Essentially, the FCT says that the maximum number of different colours needed to colour a map, so that no bordering countries are the same colour, is four. (Colours can touch at a point but not at an edge.) It’s easy to show that five will always do the trick and, in fact, most normal maps only need three. However, certain types of map certainly seemed to need four so was four always enough?
It’s worth trying a few examples of this with a pencil and paper and you’ll quickly get a feel for what the problem is. (You might need to consider a special case where a country is completely surrounded by other countries to get up to four.) Four colours certainly seem to be enough but how can we be sure?
In fact, after a while, you start to see patterns and there are elements of repetition as the maps grow in size. It starts to look very much as if four colours are enough but that isn’t a proof. How can we be sure we’ve considered all of the cases? What’s needed is a bit of insight into the different patterns and how they might be similar to each other and some confidence that we’ve covered all the angles. And that’s why the 1976 FCT proof was so controversial; it was people that provided the insight but a computer that checked out all the cases.
And, as they say, ‘The Devil’s in the detail.’ How could the mathematical world be sure the computer had got it right? Computers might not make mistakes (as such) but they only do what they’re told to do. How are they told what to do? Well, people write programs to instruct computers; the FCT computer was following a program. So what we’re really asking is was its program correct? Mathematicians had pretty clear boundaries back in 1976: a formal proof could be checked for correctness in every line, every logical step, but could a program be verified in a similar way? Since then this very notion of ‘verifiable programming’, ‘formal methods of software development’ to give it a modern turn, has come a long way but not everything’s been resolved entirely. And to some extent, the lessons learned by programmers have forced mathematicians to reconsider the strength of their own analyses of ‘conventional’ written proofs.
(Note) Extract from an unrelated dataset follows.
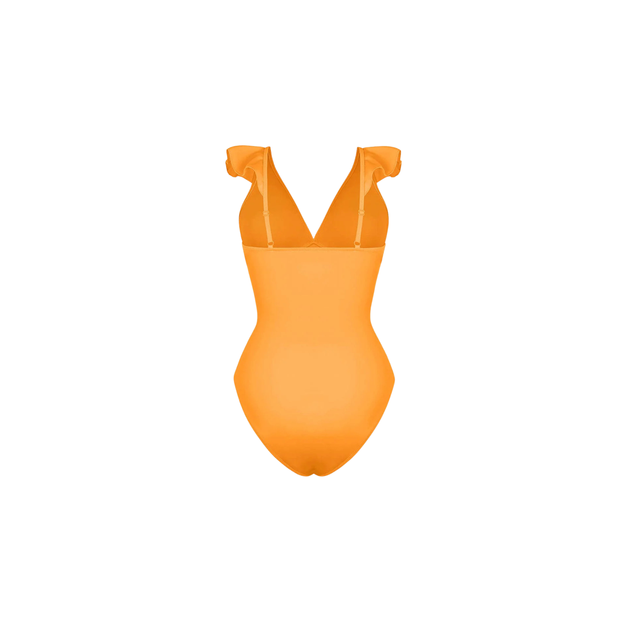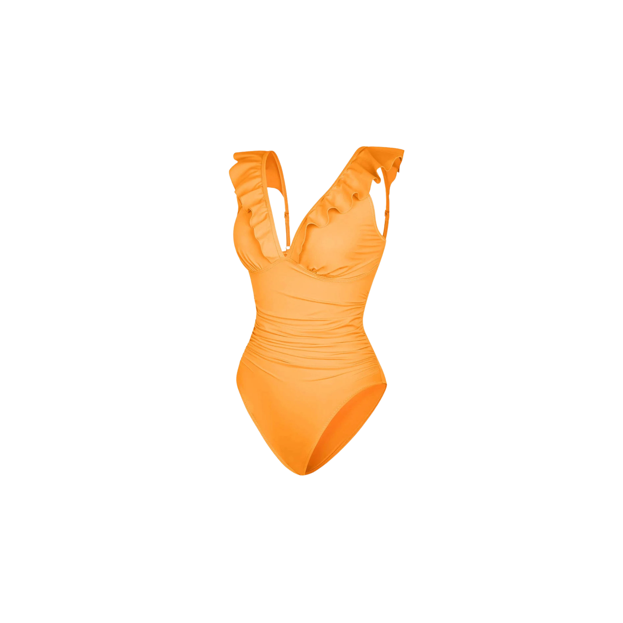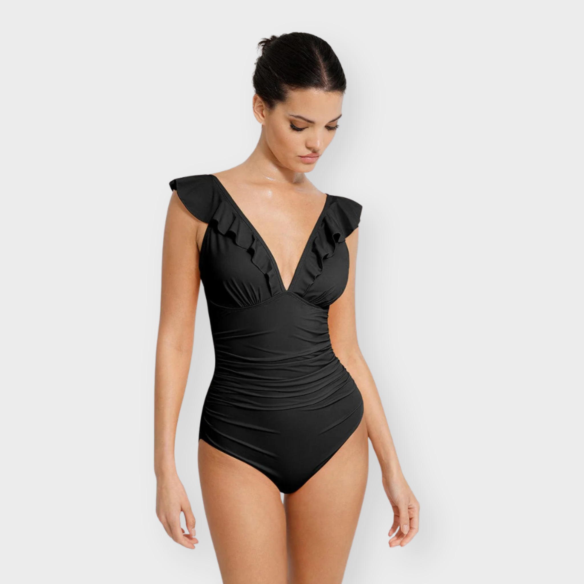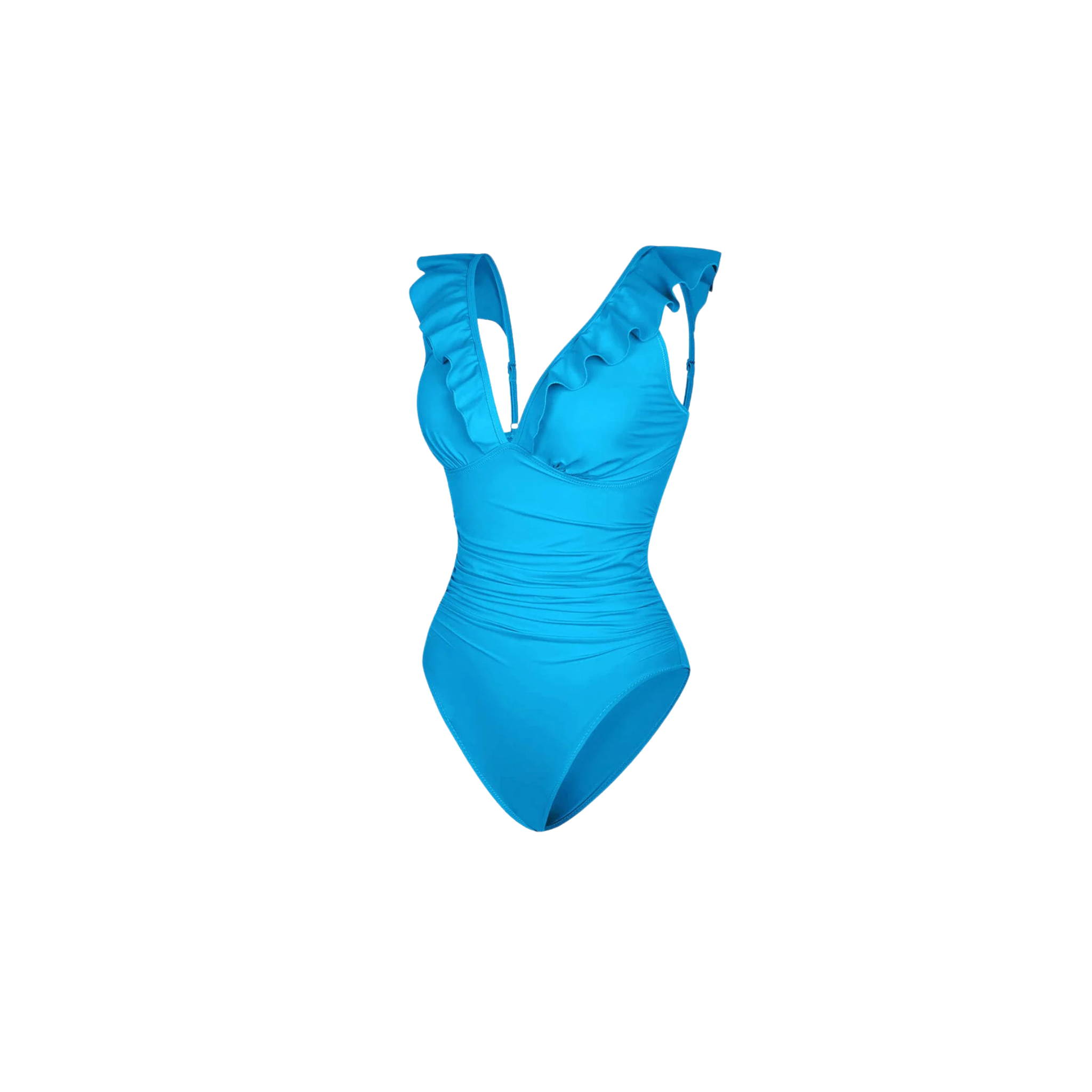 Flattering meets feminine in this sculpting one-piece with playful ruffle detailing. Designed to smooth and shape, the double-layer construction features a high-stretch outer layer and built-in compression mesh that contours the waist, tummy, and back. A deep V-neckline with ruffle trim adds charm while subtly enhancing and supporting your shape—with no wires, just comfort. Adjustable straps and a ruched waist complete the look for a confident fit you’ll love to live in.

The FCT is a pretty tricky beast but the same principles apply in simpler situations. Here’s the ‘Teaser’ question from last week’s Sunday Times News Review section:
For anyone interested in problem-solving with examples that often involve a nice combination of some elementary maths with some assistance from a bit of nifty programming (although sometimes it’s just one or the other), these Teasers are a terrific resource. Essentially here, we’re being asked to find a set of starting cubes with consecutive whole-number edge lengths such that, when we break them into their smaller ‘unit cubes’, there are as many ‘part-painted’ unit cubes (i.e. the outside ones) as there are ‘non-painted’ unit cubes (i.e. the inside ones). As with the FCT, our maths may only take us so far …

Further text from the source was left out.